(Exercise input)

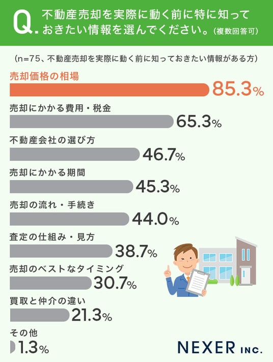「売却価格の相場」で85.3%と圧倒的な支持を集めました。「売却にかかる費用・税金」で65.3%、「不動産会社の選び方」で46.7%という結果になりました。
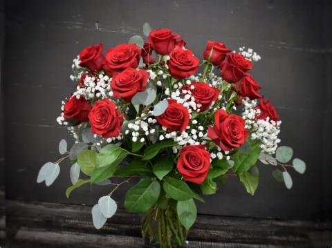 Red roses vase
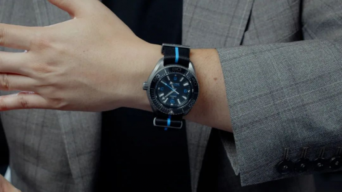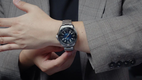 雖然工具屬性有點(diǎn)強(qiáng),但這枚腕表的顏值在線,比如我手上這枚黑色表圈配的是漸變藍(lán)色的盤面,Seamaster和Ultra  Deep字樣,以及秒針的尖端采用了非常醒目的亮藍(lán)色造型。
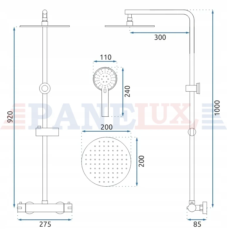 | W zestawie: | bateria, deszczownica, ramię do deszczownicy, wąż 1500 mm, słuchawka, uchwyt na słuchawkę, maskownice |
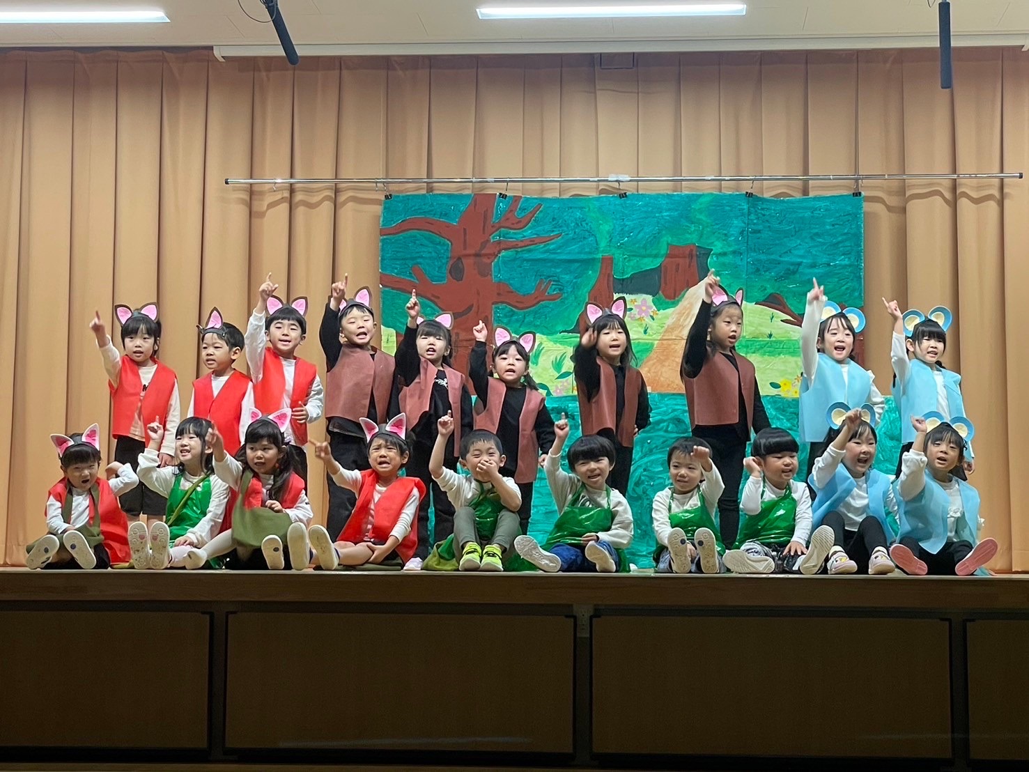年中 発表会に向けて 2024/10/30 昨日に引き続き、年中の皆さんもステージの上で表現を楽しみました!どのクラスも舞踊劇に取り組んでいますので、踊ったり、歌ったり、いきいきとした姿が可愛らしく、見ていると心が温かくなります。 あじさい 「ふしぎなキャンディーやさん」(絵本より) すずらん 「3びきのやぎとトロル」(ノルウェー民話より) さくら 「どうぞのいす」(絵本より) こすもす 「てぶくろ」(ウクライナ民話より) 今年は物語をみんなでつくっています。大好きになったお話を楽しんでいる年中の皆さんの表現をお楽しみに!

(End Exercise input)

Please repeat, exactly as written, only the lines from the line with "雖然工具屬性有點(diǎn)" to the end of the data, leaving out every picture.

 雖然工具屬性有點(diǎn)強(qiáng),但這枚腕表的顏值在線,比如我手上這枚黑色表圈配的是漸變藍(lán)色的盤面,Seamaster和Ultra  Deep字樣,以及秒針的尖端采用了非常醒目的亮藍(lán)色造型。
 | W zestawie: | bateria, deszczownica, ramię do deszczownicy, wąż 1500 mm, słuchawka, uchwyt na słuchawkę, maskownice |
年中 発表会に向けて 2024/10/30 昨日に引き続き、年中の皆さんもステージの上で表現を楽しみました!どのクラスも舞踊劇に取り組んでいますので、踊ったり、歌ったり、いきいきとした姿が可愛らしく、見ていると心が温かくなります。 あじさい 「ふしぎなキャンディーやさん」(絵本より) すずらん 「3びきのやぎとトロル」(ノルウェー民話より) さくら 「どうぞのいす」(絵本より) こすもす 「てぶくろ」(ウクライナ民話より) 今年は物語をみんなでつくっています。大好きになったお話を楽しんでいる年中の皆さんの表現をお楽しみに!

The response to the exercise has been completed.